With this plot, we can see which features contributed most to each principal component. For the first, second, and third axes, we can see that
the mean concave points, mean fractal dimension, and texture error features contributed the most in maximizing the variance respectively.

## t-Distributed Stochastic Neighbor Embedding
This technique involves transforming the data to a lower-dimensional space using similarity scores, Normal, and t-distributions.
- It will first create a similarity matrix incorporating similarity scores for all pairwise combinations of data points.
- The similarity score for two points is calculated by converting the distance between the points to probability using the Normal Distribution.
- Then all points will be randomly placed on the lower-dimensional space. A new similarity matrix will be calculated for this space, instead using the t-Distribution.
- Using gradient descent, the points will be adjusted away from other points and closer to their own cluster by making the new similarity matrix as close as possible to the original similarity matrix.

In [115]:
from sklearn.manifold import TSNE
model = TSNE(n_components=2 ,init='pca')

In [116]:
reduced = model.fit_transform(df.drop('status',axis=1))

In [124]:
model.kl_divergence_ # Kullback-Leibler Divergence - The difference between the random and original distributions after optimization

In [122]:
pex.scatter(x=reduced[:,0],y=reduced[:,1],color=df['status'], color_continuous_scale=pex.colors.sequential.Viridis)

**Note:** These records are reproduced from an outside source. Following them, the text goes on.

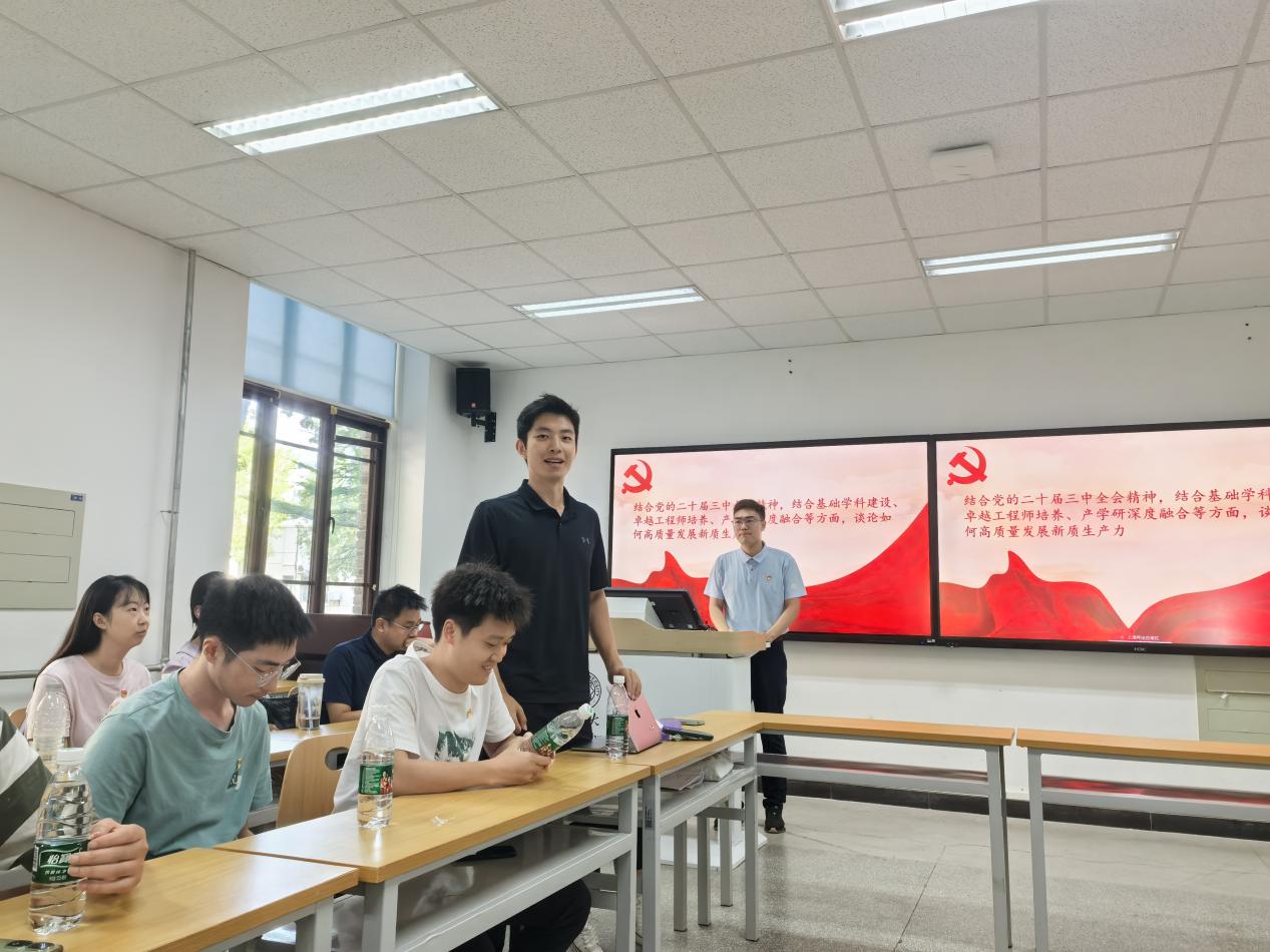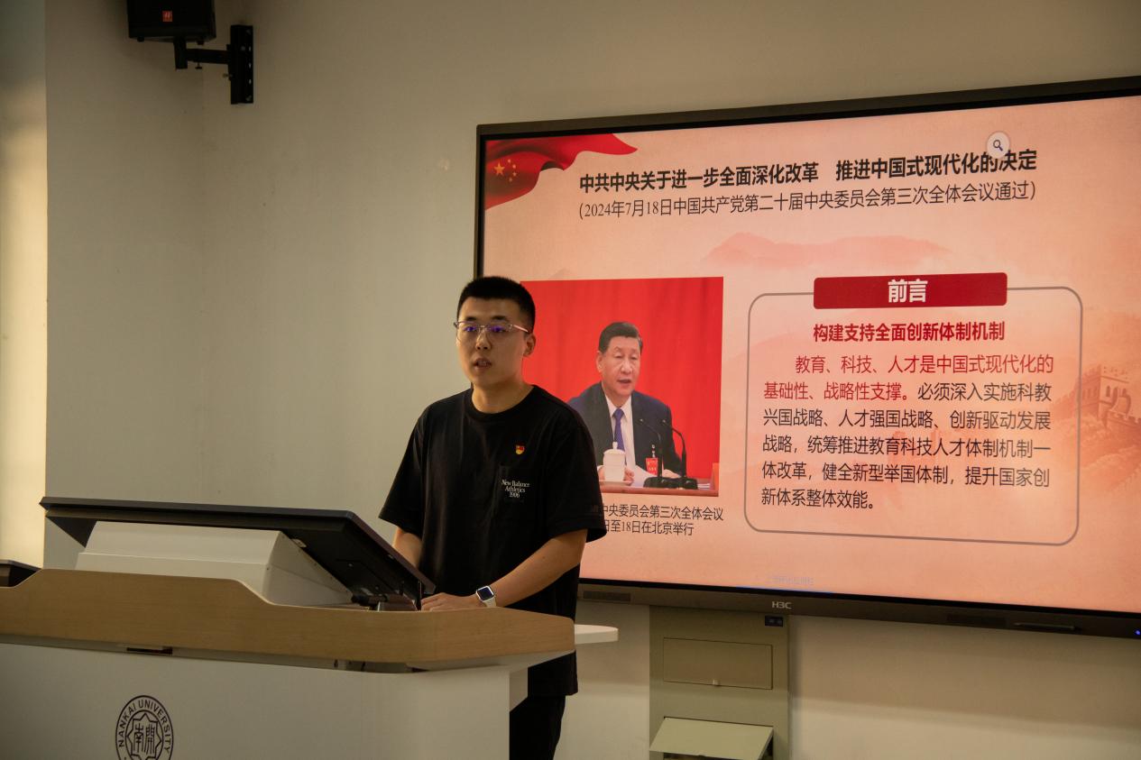 活动中,南开大学看球88 博士第一党支部书记朱鹏飞进行了题为《党的二十届三中全会:推进教育科技人才体制机制改革》的报告,带领与会成员学习了党的二十届三中全会在深化教育综合改革、深化科技体制改革、深化人才发展体制机制改革这三个方面做出的重要部署。
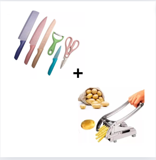 Juego de Cuchillos 6 Piezas + Cortador de Papas Profesional
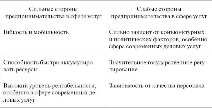 Таблица 6.5. Сильные и слабые стороны предпринимательства в сфере услуг
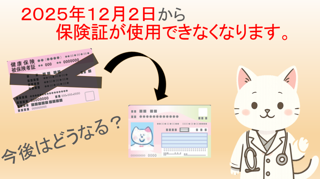 現在の健康保険証は2025年12月2日に完全廃止となり、今後医療機関受診時には基本的にマイナンバーカードを健康保険証として使用する『マイナ保険証』をご利用いただくことになります。
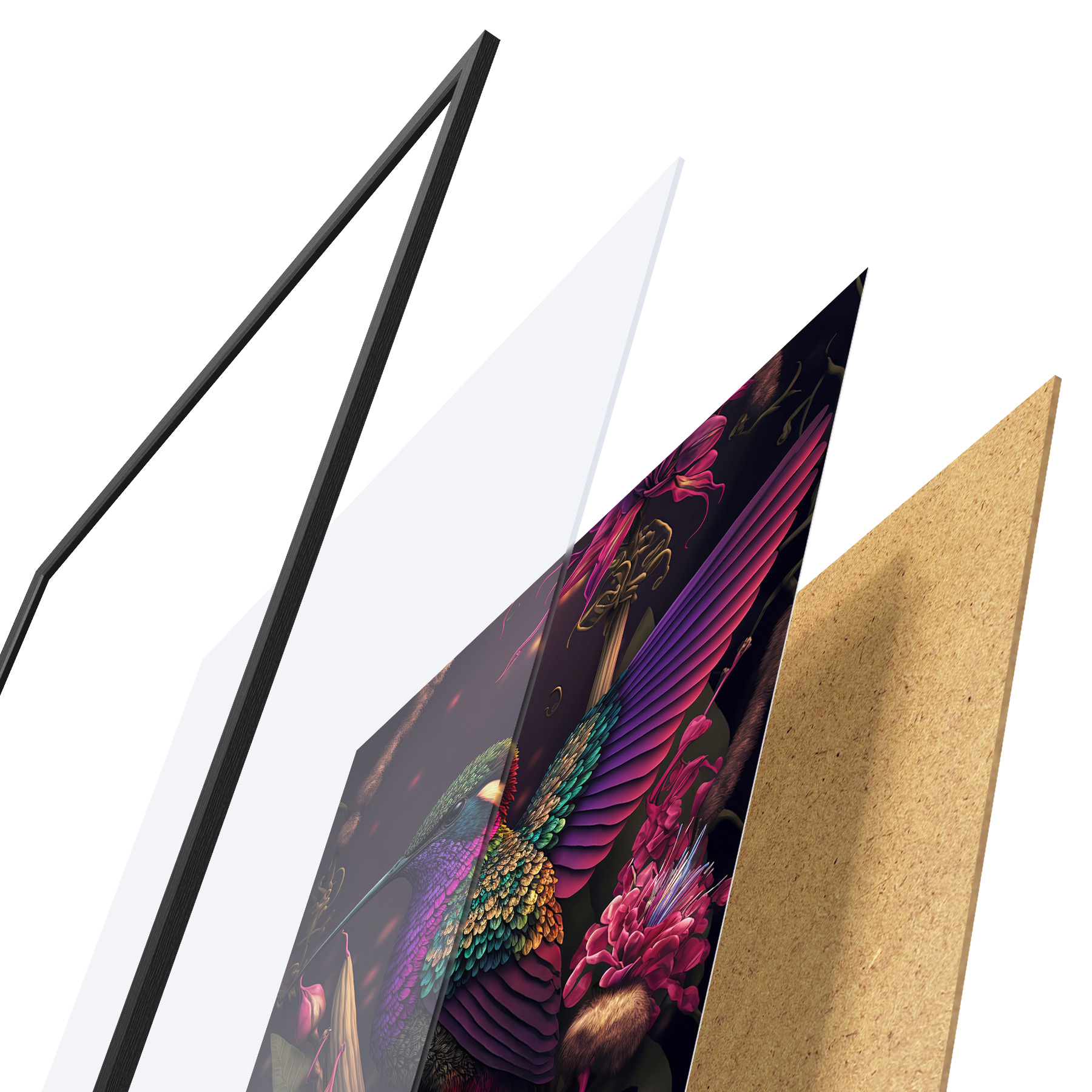 Plakat koosneb raamist, pleksiklaasist, trükitud pildist ja puitlaastplaadist alusplaadist. Tänu tagaküljel olevatele kinnitustele saab plakati kohe seinale riputada.
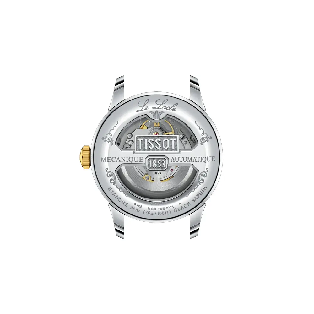 Tissot Le Locle Powermatic 80 T006.407.22.033.01 将经典制表传统与现代技术完美融合。其 316L 精钢表壳搭配黄色 PVD 镀层,配合 39.3 毫米表径,呈现优雅而均衡的腕上风格。银色表盘搭配 罗马数字 与精致细节,使整表散发正式且精致的气质。

The plot above illustrates the separation of classes after the t-SNE approach. As you can see, there are some outliers, but overall there is relatively clear class separation. Let's try experimenting with the perplexity hyperparameter below.

In [136]:
perplexity = np.arange(5,55,5) # Hyperparameter which is essentially an estimate for the number of nearest neighbors for east point.
kl = []

for i in perplexity:
    model = TSNE(n_components=2 ,init='pca', perplexity=i)
    reduced = model.fit_transform(df.drop('status',axis=1))
    kl.append(model.kl_divergence_)
    
plt.figure(figsize=(6,4),dpi=100)
plt.plot(perplexity,kl,marker='s',color='red',lw=1)
plt.title('KL Divergence After t-SNE Optimization for Varying Perplexity Values')
plt.ylabel('Divergence')
plt.xlabel('Perplexity Values')
plt.show()

In [135]:
# Let's try perplexity = 50, since it produced the lowest divergence
model = TSNE(n_components=2 ,init='pca', perplexity=50)
reduced = model.fit_transform(df.drop('status',axis=1))
pex.scatter(x=reduced[:,0],y=reduced[:,1],color=df['status'], color_continuous_scale=pex.colors.sequential.Viridis)

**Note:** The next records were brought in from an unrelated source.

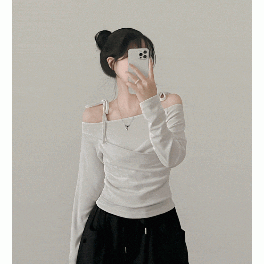 露肩綁帶交衩設計長袖【4色入】 - 現貨
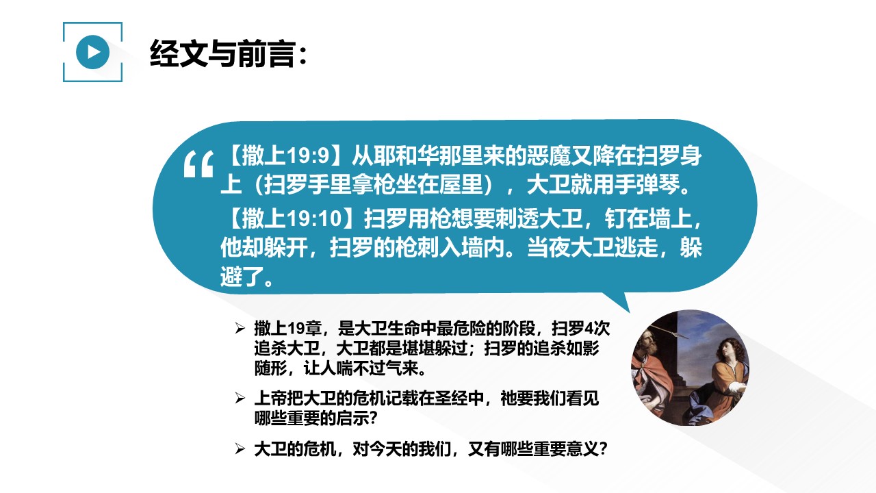 在撒母耳记上19章,记载了大卫四次躲过扫罗追杀的故事,对大卫而言,这绝对是充满危机的时期。
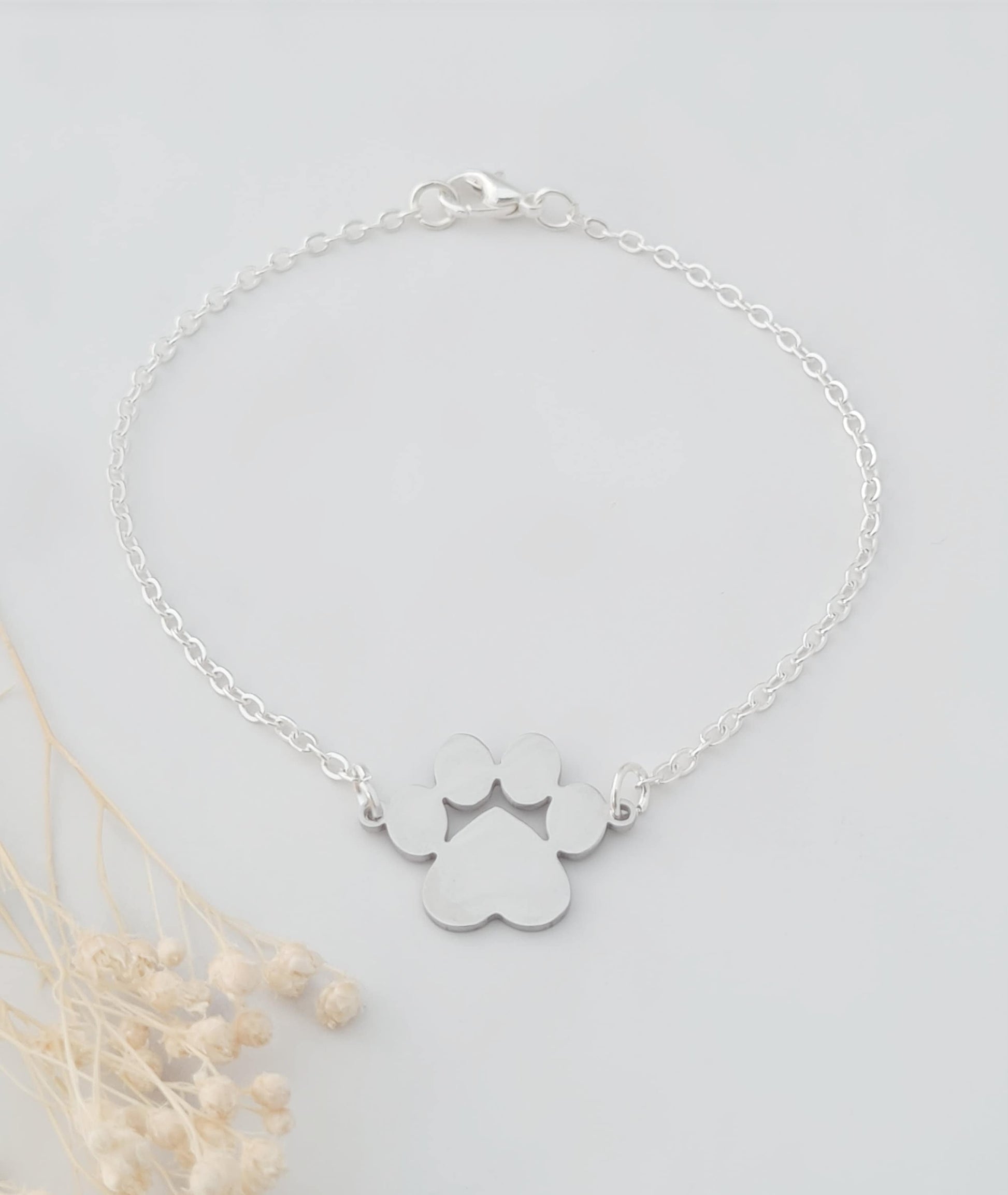 Gold or silver stainless steel, non tarnish dog or cat paw bracelet in gold or silver. The paws are mirror polished and super shiny. Dainty and lovely to wear.

## Linear Discriminant Analysis
LDA is another dimensionality reduction. Like PCA, it involves projecting the data onto axes; however, its goal is to choose axes that maximize class separability and minimize intra-class scatter simultaneously. With a binary-class dataset, the data will be projected onto a line.
With a n-class dataset, the data will be projected onto an (n-1)-dimensional-space.

In [138]:
from sklearn.discriminant_analysis import LinearDiscriminantAnalysis as lda

model = lda(n_components=1) # n_components in this case is 1 less than the number of classes.

In [139]:
newData = model.fit_transform(df.drop('status', axis=1), df['status'])
newData = pd.DataFrame([newData[:,0],df['status']])
newData = newData.T
newData['y'] = [0 for _ in range(newData.shape[0])]

In [140]:
model.explained_variance_ratio_ # Variance of data explained by the axis projected upon

In [141]:
pex.scatter(newData, x=0, y='y', color=1, color_continuous_scale=pex.colors.sequential.Viridis)

This plot shows the difference in class distributions for the data projected on a single axis. Overall, we have relatively clear separation. Following from this, LDA can also be used as a classifier in addition to a dimensionality reduction technique.

In [142]:
plt.figure(figsize=(10,6))
sns.heatmap(model.coef_, xticklabels=df.drop('status',axis=1).columns,cmap = 'coolwarm')
plt.show()

Here, you can see the feature importances associated with this class; mean radius stands out the most.